Uses the same tools as Phase 2 (STRING_functional_enrichment, ReactomeAnalysis) applied per-domain, plus:

**HPA_get_biological_processes_by_gene** (per-gene processes):
- **Input**: `gene_name` (string)
- **Output**: Biological processes associated with the gene
- **Use**: Annotate domain marker genes

**HPA_get_protein_interactions_by_gene** (gene interactions):
- **Input**: `gene_name` (string)
- **Output**: Known protein interaction partners
- **Use**: Build domain-specific interaction context

### Workflow

1. For each spatial domain:
   a. Get marker gene list
   b. Run STRING_functional_enrichment on domain genes
   c. Identify top pathways, GO terms
   d.

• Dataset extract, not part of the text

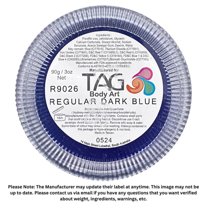 La pintura facial TAG Body Art Dark Blue es perfecta para crear bases uniformes y para obtener trazos perfectos al usar un pincel fino para tus delineados. Las pinturas TAG son ideales para pintacaritas principiantes y profesionales, así como para el cosplayer profesional y padres que necesitan un producto de maquillaje artístico de muy buena calidad pero asequible para su disfraz, kit de pintura facial, fiesta o simplemente por diversión. Las pinturas faciales TAG Body Art son colores brillantes y altamente pigmentados, hacen que cada diseño se destaque. TAG Dark Blue es un hermoso azul oscuro perfecto para superhéroes, diseños inspirados en hielo, incluso como sustituto del negro. Como es altamente pigmentado, puede ser un poco más difícil de lavar que otros colores.

Assign likely cell type(s) based on marker genes:
      - Epithelial: CDH1, EPCAM, KRT18, KRT19
      - Mesenchymal/Fibroblast: VIM, COL1A1, COL3A1, FAP, ACTA2
      - Immune T cell: CD3E, CD3D, CD4, CD8A, CD8B
      - Immune B cell: CD19, CD20 (MS4A1), CD79A
      - Macrophage: CD68, CD163, CSF1R
      - Endothelial: PECAM1, VWF, CDH5
      - Neuronal: SNAP25, SYP, MAP2, NEFL
      - Hepatocyte: ALB, HNF4A, CYP3A4
   e. Generate biological interpretation narrative
2. Compare domains:
   - Differential pathways
   - Unique vs shared genes
   - Disease-relevant vs homeostatic regions
   - Transition zones (shared genes between adjacent domains)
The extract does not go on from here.